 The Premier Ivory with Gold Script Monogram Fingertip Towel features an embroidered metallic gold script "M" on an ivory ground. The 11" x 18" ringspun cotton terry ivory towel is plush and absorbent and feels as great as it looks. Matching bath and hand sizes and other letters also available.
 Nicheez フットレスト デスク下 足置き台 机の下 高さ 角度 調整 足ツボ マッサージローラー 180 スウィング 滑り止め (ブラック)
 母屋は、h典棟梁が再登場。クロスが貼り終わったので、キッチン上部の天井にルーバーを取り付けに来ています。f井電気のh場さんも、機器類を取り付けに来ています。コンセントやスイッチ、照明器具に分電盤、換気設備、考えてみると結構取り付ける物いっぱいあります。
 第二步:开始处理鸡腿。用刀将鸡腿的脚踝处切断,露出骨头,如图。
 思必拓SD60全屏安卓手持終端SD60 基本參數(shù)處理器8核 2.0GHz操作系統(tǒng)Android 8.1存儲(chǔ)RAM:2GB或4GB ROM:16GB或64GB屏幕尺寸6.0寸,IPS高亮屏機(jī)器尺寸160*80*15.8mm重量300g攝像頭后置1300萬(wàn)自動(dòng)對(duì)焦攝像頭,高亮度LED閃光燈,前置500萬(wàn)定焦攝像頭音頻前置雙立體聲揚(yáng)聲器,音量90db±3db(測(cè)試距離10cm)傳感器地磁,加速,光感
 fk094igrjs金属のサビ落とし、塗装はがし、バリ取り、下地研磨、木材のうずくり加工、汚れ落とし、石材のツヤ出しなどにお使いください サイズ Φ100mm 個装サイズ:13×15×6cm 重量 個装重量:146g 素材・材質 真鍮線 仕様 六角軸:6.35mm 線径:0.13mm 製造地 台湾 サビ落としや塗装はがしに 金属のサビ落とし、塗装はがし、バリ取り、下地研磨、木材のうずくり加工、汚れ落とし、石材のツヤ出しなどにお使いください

⁂

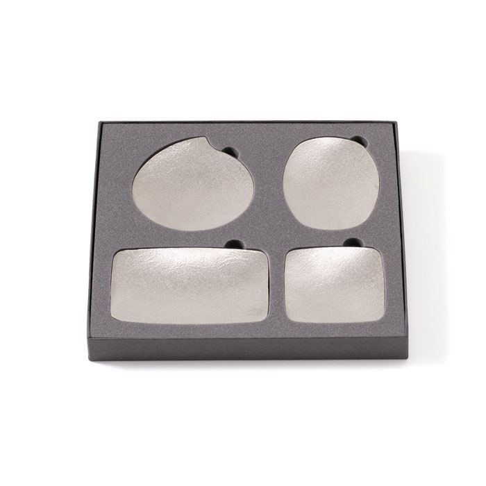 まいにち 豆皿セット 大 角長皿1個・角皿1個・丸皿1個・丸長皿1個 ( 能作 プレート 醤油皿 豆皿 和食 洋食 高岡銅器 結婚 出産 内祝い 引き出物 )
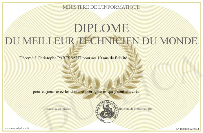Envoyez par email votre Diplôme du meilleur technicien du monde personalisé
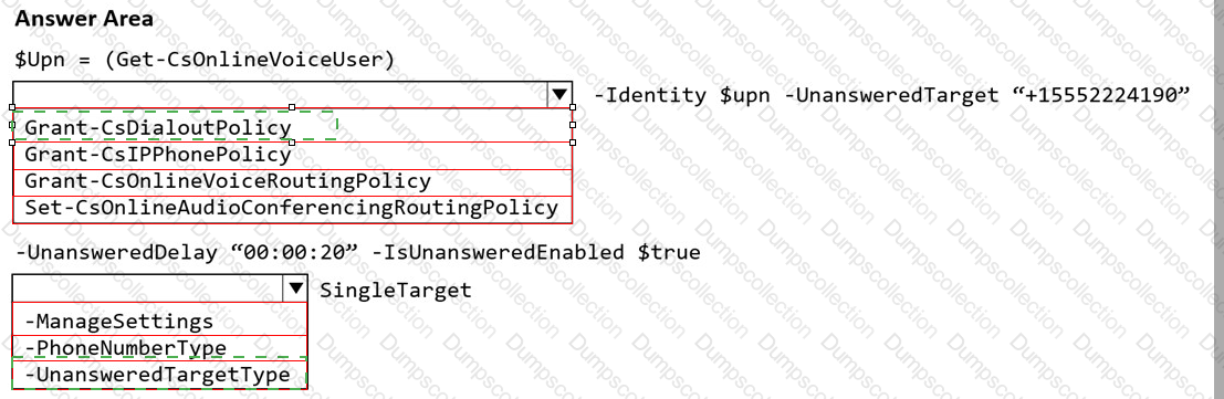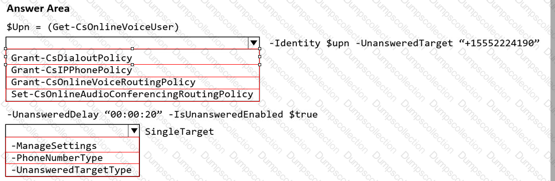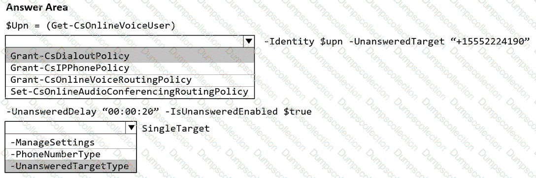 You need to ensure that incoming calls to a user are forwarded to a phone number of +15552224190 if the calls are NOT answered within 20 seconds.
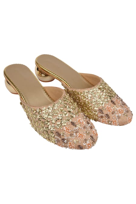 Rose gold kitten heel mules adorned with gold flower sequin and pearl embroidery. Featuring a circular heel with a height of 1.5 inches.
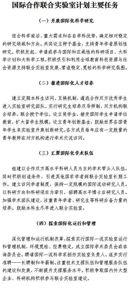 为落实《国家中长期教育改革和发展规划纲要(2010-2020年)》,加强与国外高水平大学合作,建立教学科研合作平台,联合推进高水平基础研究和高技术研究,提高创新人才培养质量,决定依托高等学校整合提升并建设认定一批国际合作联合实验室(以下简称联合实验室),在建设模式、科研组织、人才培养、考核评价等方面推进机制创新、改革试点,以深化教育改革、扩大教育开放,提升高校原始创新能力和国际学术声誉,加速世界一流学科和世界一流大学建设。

⁂

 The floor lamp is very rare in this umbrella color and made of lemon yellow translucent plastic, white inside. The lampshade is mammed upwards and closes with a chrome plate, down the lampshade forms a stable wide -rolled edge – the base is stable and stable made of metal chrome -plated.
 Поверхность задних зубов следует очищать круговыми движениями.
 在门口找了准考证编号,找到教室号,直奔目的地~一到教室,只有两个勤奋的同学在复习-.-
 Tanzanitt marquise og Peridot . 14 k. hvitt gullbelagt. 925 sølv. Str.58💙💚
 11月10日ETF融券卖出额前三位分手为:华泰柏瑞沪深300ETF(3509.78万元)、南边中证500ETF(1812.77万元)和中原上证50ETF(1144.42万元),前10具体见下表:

⁂

▸ Exercise goal: Given the records above, restate word for word only the lines starting at the one with "The Premier Ivory" and ending at the one with "Nicheez フットレスト デスク下".

▸ Completed exercise:
 The Premier Ivory with Gold Script Monogram Fingertip Towel features an embroidered metallic gold script "M" on an ivory ground. The 11" x 18" ringspun cotton terry ivory towel is plush and absorbent and feels as great as it looks. Matching bath and hand sizes and other letters also available.
 Nicheez フットレスト デスク下 足置き台 机の下 高さ 角度 調整 足ツボ マッサージローラー 180 スウィング 滑り止め (ブラック)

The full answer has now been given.